Goal #1 - Accessible Savings
First, to make this alternative lifestyle happen, we need funds to purchase a boat. Having enough to buy the boat outright eliminates the burden of making a payment each month. While there are plenty of boats that can get us away from the dock for less than $30,000, the boat we have in mind is likely to cost three times that (more on what boat that is in a future post). And beyond the funds to purchase the boat, we would need some reserves for repairs, supplies and daily expenses. Basically, there can never be enough set aside, so we just need to save everything we can.
Goal #2 - Paying off the Mortgage
Cruising can be expensive. You can live for less than you would in a house, but it sure isn't free! I want to live this lifestyle for as long as I can, without having to pause to head back to the states to earn more money. At the moment, I see this happening by paying off the remaining balance of our mortgage and then renting out the house for some monthly income. Keeping the house while we are gone may prove to be a burden all on its own, but hopefully we can find a property management company that can keep that burden to a minimum for us. Then once we get to a point where we want to return to land, we have a house waiting for us.
Goal #3 - Reducing our Taxable Income
Toward the end of each year, I start to run calculations to see how we will fare in tax season. This time, I not only calculated what we would expect to be the outcome of the 2014 taxes, but also how things looked for the 2015 tax year. Usually, I focus on how much we are getting back, this was the first time I paid attention to what we still we're going to pay. In 2015, we knew Hubbie would complete his apprenticeship program and would therefore be earning a larger paycheck. This in combination with my salary, would put us into a higher tax bracket than we would like. And as such, we have goal #3 - reducing our taxable income.
Let's Get Real!
I started writing this post a while back, and reflecting now on the look the financial planner gave me, I know the answer. You can't. He even sort of told me that, but at the time I was convinced we could be strict and strategic with our spending and it would all fall into place, so I didn't really read between the lines. Over the past year, we have done better financially that we ever have, but we certainly haven't made much of a dent in saving the funds for purchasing a boat outright and we are still paying the same (slightly elevated) payment to our mortgage.

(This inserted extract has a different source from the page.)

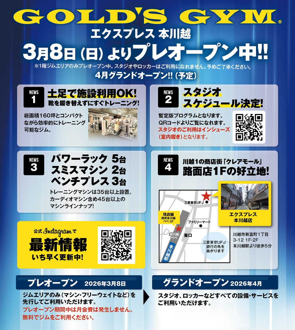 ゴールドジム「エクスプレス本川越店」3月8日12:00より、ジムエリアプレオープン

The financial planner didn't have many suggestions to decrease our taxable income that I wasn't already aware of - mainly max out your retirement savings. He did suggest an account that could earn dividends tax free, but that wouldn't actually reduce the amount of taxes we paid in the end.
On top of all of this, it is basically impossible to be strict with your spending when your second half isn't completely committed to the goal. Hubbie has made great strides toward embracing this alternative lifestyle, but he isn't willing to pinch pennies quite yet.
One change we did make was to split up some of our finances. Since we got married, we have had two joint checking accounts, one for bills and one for spending, and I kept track of it all. As you can imagine, that lead to some tense discussions, but over time we settled into a routine and the discussions calmed down quite a bit. Hubbie and I have different approaches to finances and he would typically spend the money first, so after a while I was feeling like I never had money to do with what I wanted.
We now have three checking accounts, one for the paychecks and bills and then one each to spend from individually as we please. As the paychecks are deposited, I balance the accounts and set aside what is needed for the next month's bills. (On a side note, since we moved to Oregon we have managed to stay one month ahead so that the paychecks received in January would be used for February's bills. It has proven very helpful to maintain that little buffer as we worked to build an actual savings and I would highly recommend working toward that set up if possible.) After the household expenses have been satisfied, the remaining of each of our respective paychecks are transferred to our individual checking accounts to pay for miscellaneous purchases over the upcoming two week period. This approach has resulted in my personal ability to start a small cruising kitty. Eventually this will have to become a joint effort in order to achieve the goal, but you gotta start somewhere!